April 25, 2024

LETHAL INJECTIONS INHUMANE, SAYS STUDY

Although 37 American states use lethal injections to execute prisoners, they also expect the process to be relatively painless. But a controversial new study contends that the three-drug cocktail which is currently used can cause a slow and painful death. Some prisoners apparently suffocate while they are conscious and unable to move. They may even feel as if they were on fire. The study, in the online journal PLoS Medicine, was based on the logs of the executions of 40 prisoners in North Carolina since 1984 and about a dozen in California, supplemented by incomplete information from Florida and Virginia. The journal’s editors have called for the abolition of the death penalty: “There is no humane way of forcibly killing someone.”

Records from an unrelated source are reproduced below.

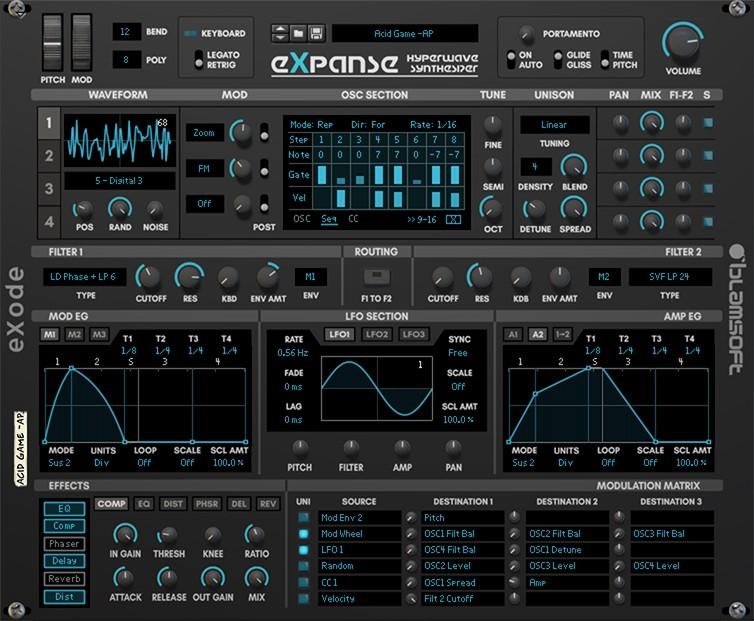 Den Kern von Expanse bilden vier Oszillatoren, die zusätzlich mit Wellenform-Modifikatoren, einer additiven Engine und modernen Unisono-Modi unterstützt werden. Die Klangerzeugnisse aller Oszillatoren werden in zwei Parallel-Signale gegossen, die weiter den parallelen oder seriellen Weg via zwei Multimode-Filter (29 Typen!) finden. Als Modulations-Ressourcen finden sich fünf graphische Hüllkurven und drei LFOs (64 Wellenformen!), eine Modulations-Matrix mit allen denkbaren Zielen ist ebenfalls an Bord. Die integrierte FX-Abteilung inklusive sechs Effekten kann auch externe Signale veredeln. Zu guter Letzt ist ein Sequenzer mit dabei, der unterschiedliche Patterns zu generieren vermag.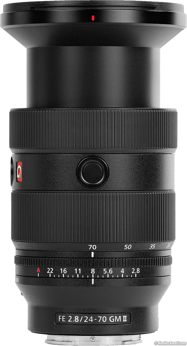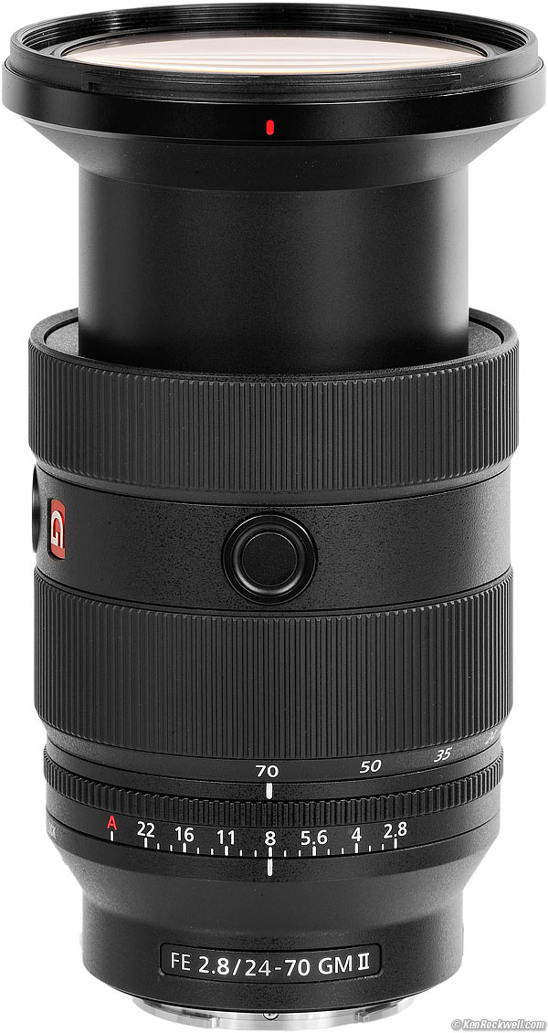 Sony FE 24-70mm f/2.8 GM IIFast, Light Full-Frame LensSample Images Intro New Good Bad Missing Sony: A9 III A1 II A1 A9 II A7R V A7R IV A7 V A7 IV A7 III A7S III A7CR A7C II A7c FX3 FX2 ZV-E1 A6700 A6600 A6400 ZV-E10 II ZV-E10 ZV-1 II RX1R III RX10/4 RX100/7 Flash Lenses Sony FE 24-70mm f/2.8 GM II (82mm filters, 24.5 oz./695g, 0.7-1'/0.21-0.3m close focus, 0.32× macro ratio, $2,298). bigger. I'd get mine at Adorama, at Amazon, at B&H or at Crutchfield, or about $1,900 used at eBay if you know How to Win at eBay. This 100% all-content, junk-free website's biggest source of support is when you use those or any of these links to my personally approved sources I've used myself for way over 100 combined years when you get anything, regardless of the country in which you live — but I receive nothing for my efforts if you take the chance of getting it elsewhere. Sony does not seal its boxes in any way, so never buy at retail or any other source not on my personally approved list since you'll have no way of knowing if you're missing accessories, getting a defective, damaged, returned, dropped, incomplete, gray-market, store demo or used lens — and my personally approved sources allow for 100% cash-back returns for at least 30 days if you don't love your new lens. I've used many of these sources since the 1970s because I can try it in my own hands and return it if I don't love it, and because they ship from secure remote warehouses where no one gets to touch your new lens before you do. Buy only from the approved sources I've used myself for decades for the best prices, service, return policies and selection.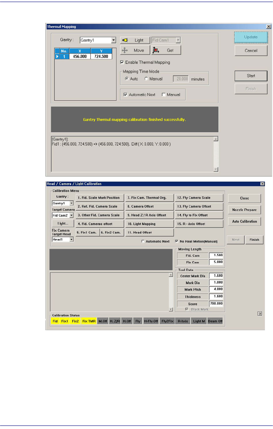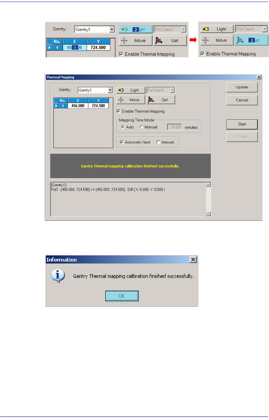 4. Once automatic calibration is completed, a message "Gantry Thermal mapping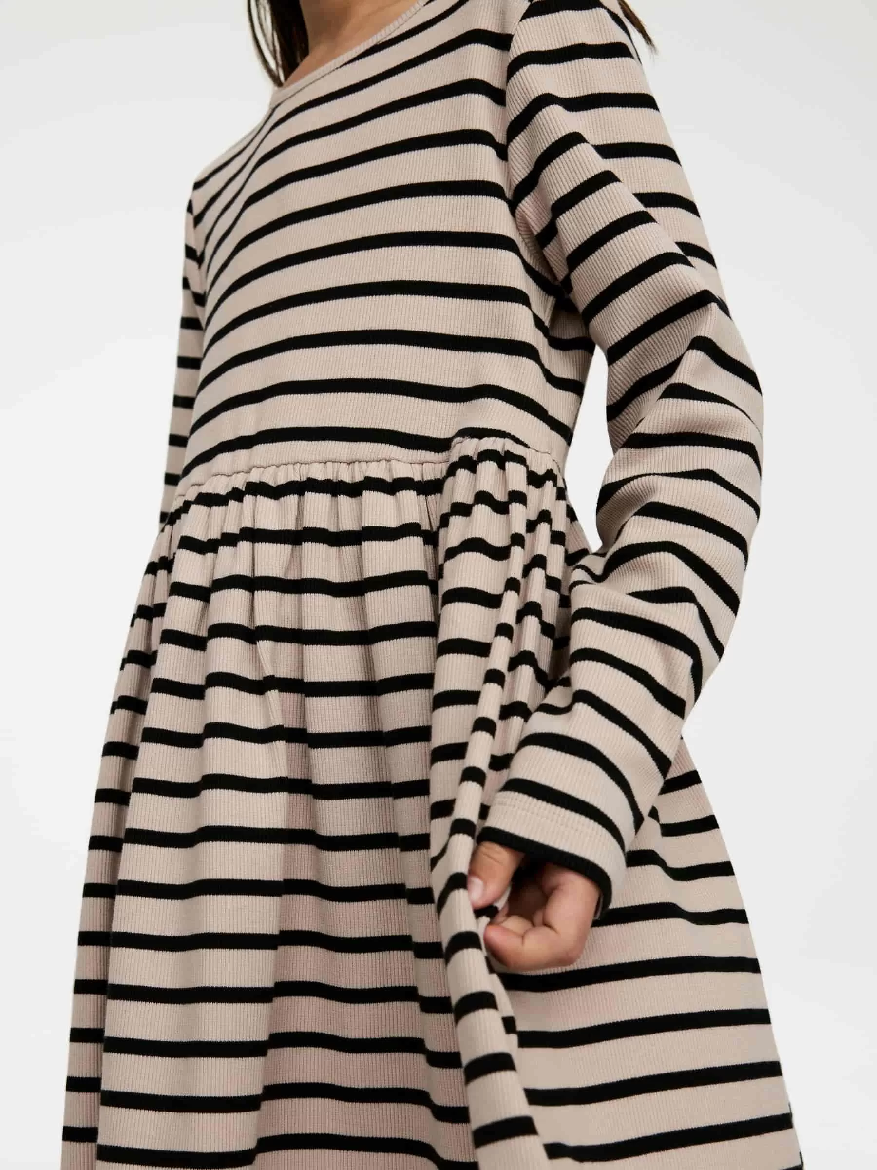 Rippenstrickkleid aus Baumwolle mit einem Hauch Elastan für Dehnbarkeit. Ein langärmliges Modell mit Raffungen an der Taille.

The problem seems to be that “one-size-fits-all” injections of anaesthetic do not take into account the prisoner’s weight. Some received too little and in some cases the anaesthetic wore off before the execution was complete. But since none of the patients are available for questioning about what they felt, it is difficult to gather incontrovertible evidence. The methodology of a 2005 study by the same authors was criticised. In any case, supporters of the death penalty may not care too much. A prosecuting attorney in Indiana, where an execution is to take place on Friday, told the Washington Post: “It doesn’t matter a whole lot to me that someone may have felt some pain before they were administered poison as a method of execution.”